The reconstruction test kept the MLPs intact and ablated attention. This does the complement: with all attention intact, mean-ablate the MLP substrate and measure the induction-NLL damage (induction-NLL on repeated-random sequences), isolating the early detokenizer MLP0. Larger ΔNLL = induction leans more on that substrate.

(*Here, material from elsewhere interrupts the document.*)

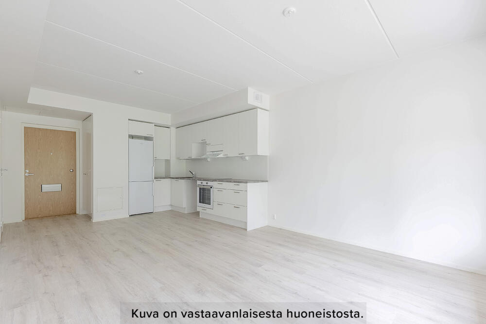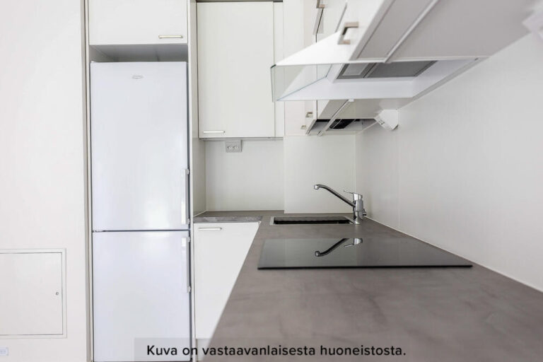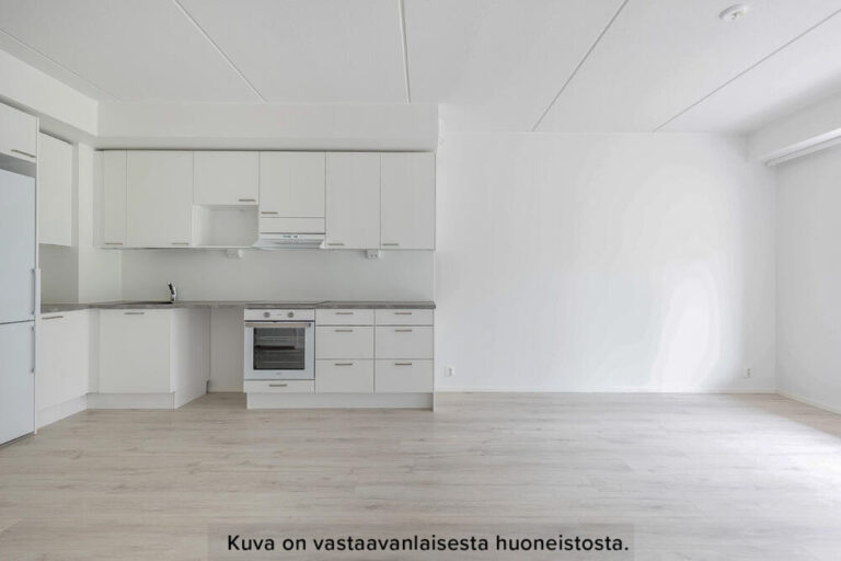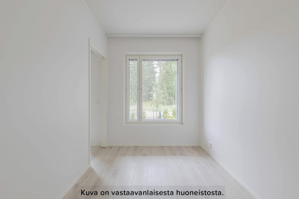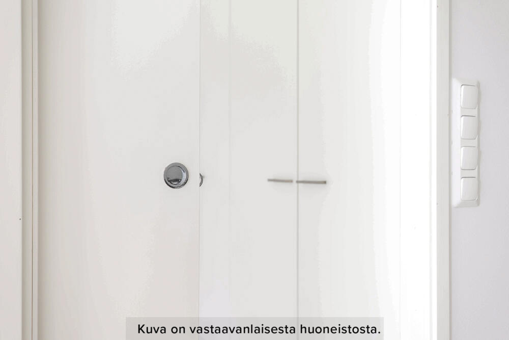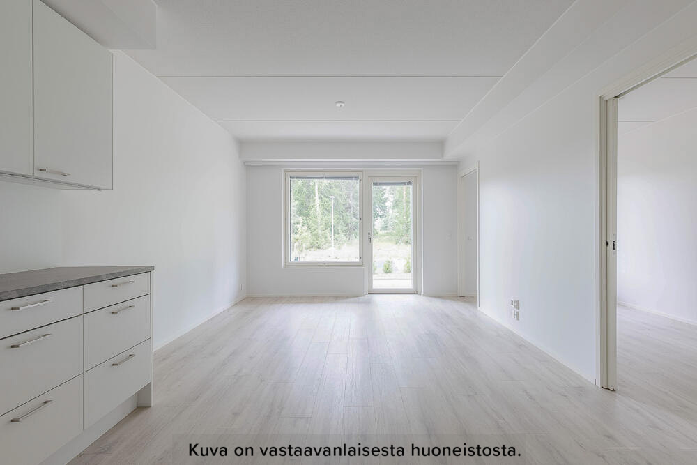 Tässä kaksiossa keittiö avautuu luontevasti olohuoneeseen, josta käynti omalle parvekkeelle. Keittiöstä löytyy varaus astianpesukoneelle. Erillinen makuuhuone, jossa sopivasti kaappitilaa. Lattiat ovat laminaattia, seinät valkoiseksi maalattu. Laatoitettu pesuhuone, jonne mahtuu hyvin pyykinpesukone.

model base induction-NLL Δ all-attention Δ all-MLPs Δ MLP0 only Δ MLPs except MLP0
gpt2 0.63 +10.18 +9.64 +9.09 +8.90
gpt2-medium 0.54 +10.26 +9.63 +17.35 +9.63
gpt2-large 0.50 +9.91 +14.49 +11.45 +12.06
gemma-2-2b 4.54 +15.12 +17.58 +4.01 +16.02
Llama-3.2-1B 0.74 +14.79 +15.20 +12.55 +15.16
Qwen2.5-1.5B 0.36 +16.67 +15.82 +8.02 +15.54

Findings. (1) Induction depends roughly equally on attention and the MLP substrate in every model (Δ all-attention ≈ Δ all-MLPs) — it is *not* an attention-only circuit; ablating either substrate roughly equally destroys it. (2) In GPT-2-small, MLP0 alone carries nearly the entire MLP dependence (Δ MLP0 +9.1 ≈ Δ all-MLPs +9.6) — the detokenizer is *the* critical MLP for induction. (3) Gemma is the outlier: its induction barely needs MLP0 (Δ +4.0, vs +16.0 for the rest) — consistent with Gemma’s MLP0 being a clean standalone extended-embedding (η² 0.91) that the induction computation doesn’t lean on; later MLPs carry it. (4) Interaction effects recur — gpt2-medium’s Δ MLP0 (+17.4) *exceeds* Δ all-MLPs (+9.6): ablating one MLP hurts more than ablating all (the later MLPs partly compensate), the same non-monotonic theme as the redundancy curves.

Δ = induction-NLL increase when that part is mean-ablated (bigger = more load-bearing for induction). Provisional, single corpus. Data: induction_substrate_summary.json. Regenerate: induction_substrate.py.